Outputs: impedance estimate, electrode geometry, and field/VTP data exported for visualization and post-analysis.

Full Input Example

{
  "BrainRegion": {
    "Center": {"x[mm]": -13.99, "y[mm]": -7.73, "z[mm]": -7.91},
    "Dimension": {"x[mm]": 70.0, "y[mm]": 70.0, "z[mm]": 70.0},
    "Shape": "Sphere"
  },
  "Electrodes": [
    {
      "Name": "BostonScientificVerciseDirected",
      "CustomParameters": null,
      "Rotation[Degrees]": 0.0,
      "Direction": {"x[mm]": -0.45, "y[mm]": 0.65, "z[mm]": 0.61},
      "TipPosition": {"x[mm]": -13.99, "y[mm]": -7.73, "z[mm]": -7.91}
    }
  ],
  "MaterialDistribution": {
    "MRIPath": "./input_files/sub-John_Doe/JD_segmask.nii.gz",
    "MRIMapping": {
      "Unknown": 0,
      "CSF": 3,
      "White matter": 2,
      "Gray matter": 1,
      "Blood": 4
    },
    "DiffusionTensorActive": true,
    "DTIPath": "./input_files/sub-John_Doe/JD_DTI_NormMapping.nii.gz"
  },
  "DielectricModel": {"Type": "ColeCole4", "CustomParameters": null},
  "Mesh": {
    "LoadMesh": false,
    "LoadPath": "",
    "MeshingHypothesis": {
      "Type": "Fine",
      "MaxMeshSize": 1000.0,
      "MeshSizeFilename": ""
    },
    "SaveMesh": false
  },
  "StimulationSignal": {
    "CurrentControlled": false,
    "Type": "Multisine",
    "ListOfFrequencies": [10000.0]
  },
  "Solver": {
    "Type": "CG",
    "Preconditioner": "bddc",
    "PreconditionerKwargs": {},
    "PrintRates": true,
    "MaximumSteps": 200,
    "Precision": 1e-8
  },
  "PointModel": {
    "Pathway": {
      "Active": false,
      "FileName": ""
    },
    "Lattice": {
      "Active": true,
      "Center": {"x[mm]": -13.99, "y[mm]": -7.73, "z[mm]": -7.91},
      "Shape": {"x": 20, "y": 20, "z": 20},
      "Direction": {"x[mm]": -0.45, "y[mm]": 0.65, "z[mm]": 0.61},
      "PointDistance[mm]": 0.5
    }
  },
  "OutputPath": "Results",
  "ComputeImpedance": true,
  "ExportVTK": true,
  "ExportElectrode": true
}

Explanation of Key Parameters

BrainRegion: A 70 × 70 × 70 mm spherical region centered at the targeted stimulation site. This ensures: - inclusion of relevant neuroanatomy, - realistic current spread, - minimized artificial boundary effects.

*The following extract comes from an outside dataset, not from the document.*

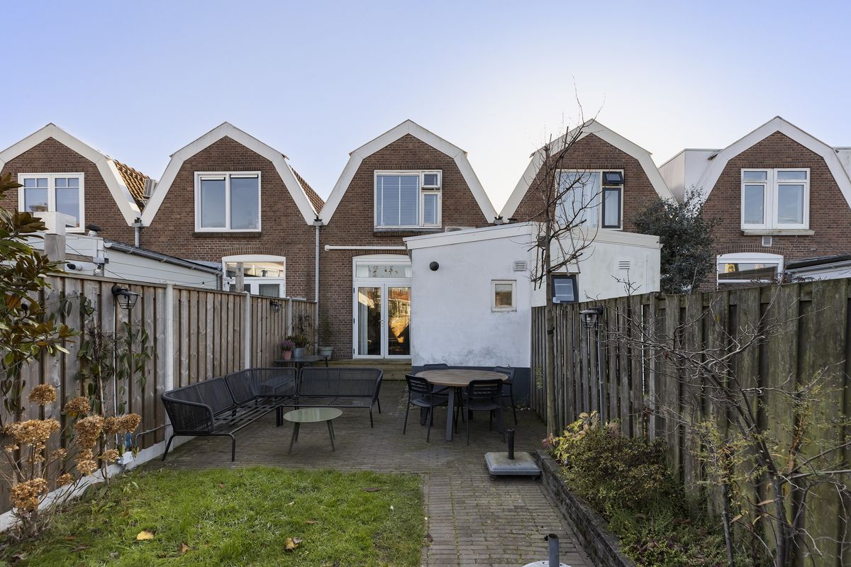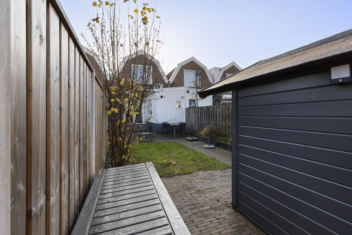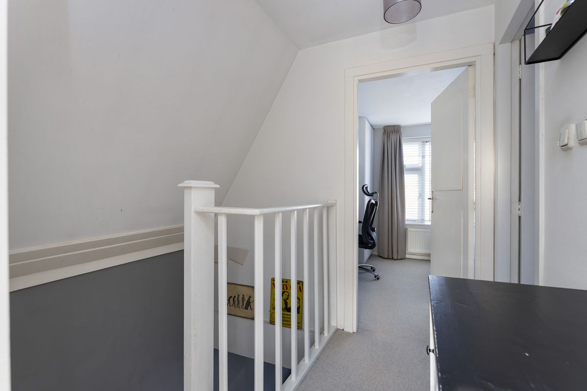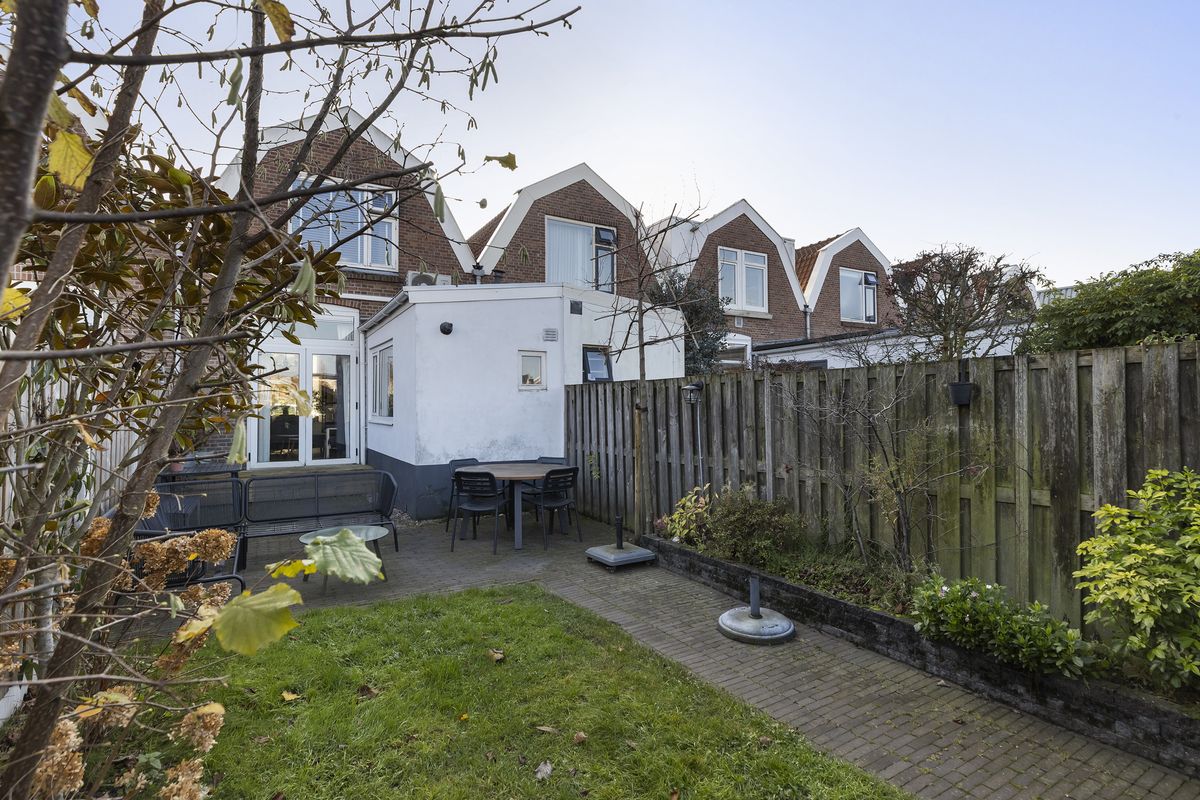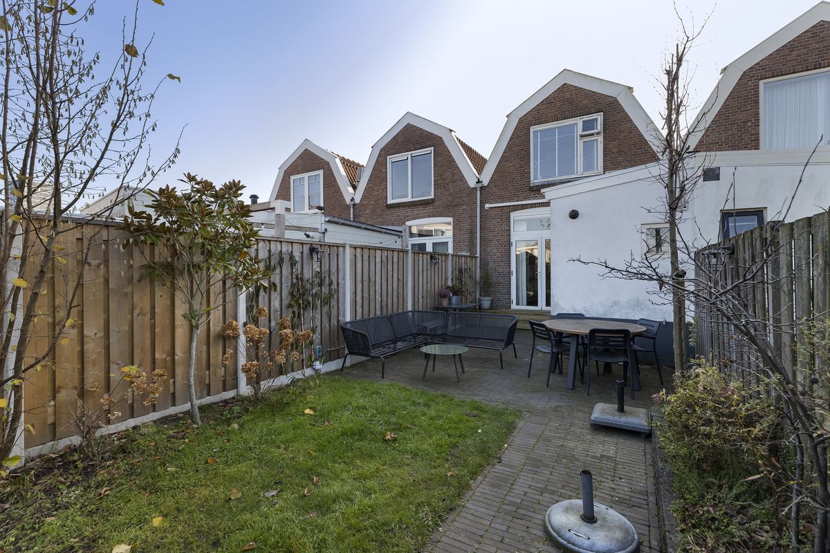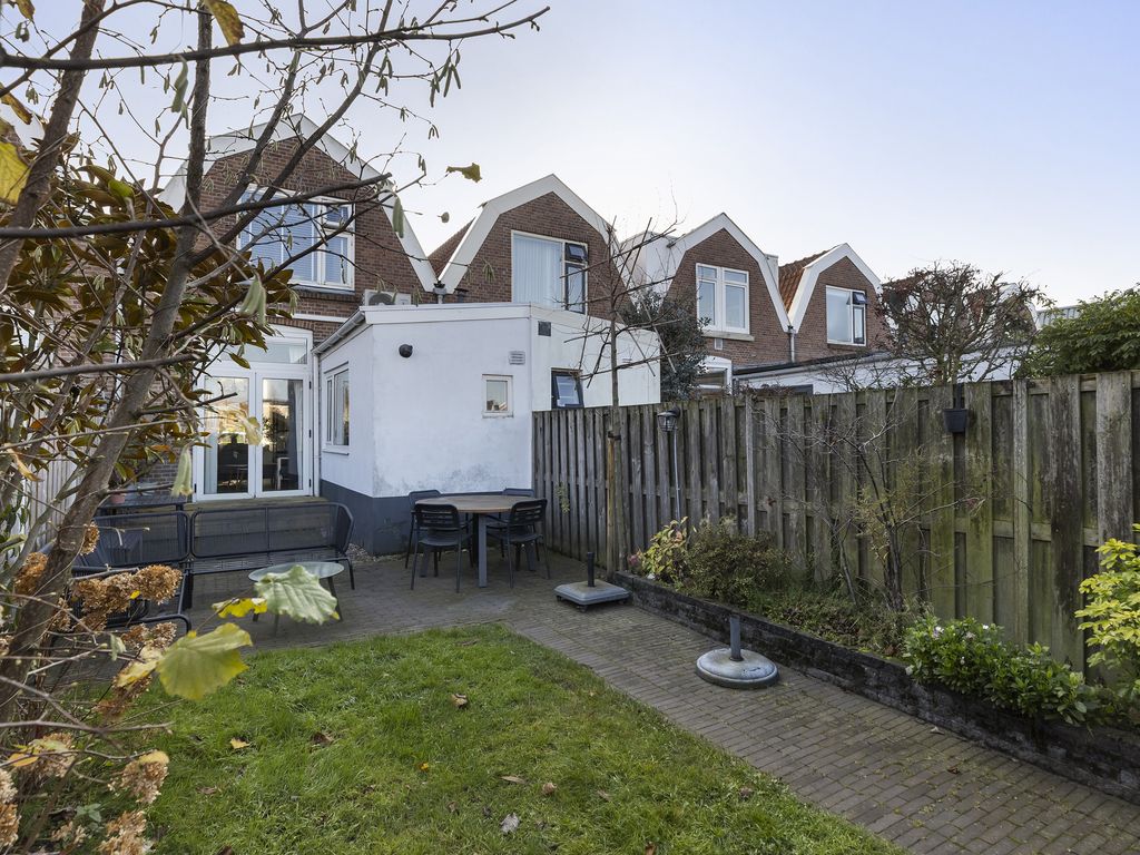 De woning beschikt o.a. over een gezellige woonkamer met openslaande deuren naar de achtertuin, een aangebouwde keuken met vloerverwarming, een bijkeuken/wasruimte en een diepe zonnige achtertuin met houten berging en achterom. Op de verdieping bevinden zich 2 slaapkamers en de badkamer.

Electrode Orientation: The Direction vector aligns the shaft with the patient’s anatomy. This supports: - directional stimulation, - contact-wise modeling, - and consistent mapping with tractography.

Tissue Properties (MRI + DTI): - MRI segmentation defines local tissue class assignment (GM, WM, CSF…). - DTI maps anisotropic conductivity tensors into OSS-DBSv2.

Dielectric Model: Cole-Cole dispersion (4-term) is the standard frequency-dependent model for brain tissue. No custom override is used here to preserve realistic electrical behavior.

Meshing: Fine hypothesis ensures adequate resolution in the vicinity of the electrode. The mesh is generated automatically.

Stimulation: - Frequency-domain solution at 10 kHz. - Multisine allows solving a single frequency slice efficiently.

Outputs: - Impedance provides model diagnostics and electrode–tissue interface estimation. - VTK files allow visualization (ParaView, Lead-DBS, MNE, etc.). - The electrode geometry is exported for debugging and high-quality plotting.

Running the Example

Execute the simulation from the command line:

ossdbs input.json

A logfile and the result files (VTK, impedance, and optional outputs) will be written to the Results/ folder.

Typical Uses

This type of patient-specific setup is used for:

evaluating contact selection,
comparing different stimulation parameters,
impedance analysis,
grounding and reference validation,
tract-related field interpretation,
pre/post clinical electrode position review.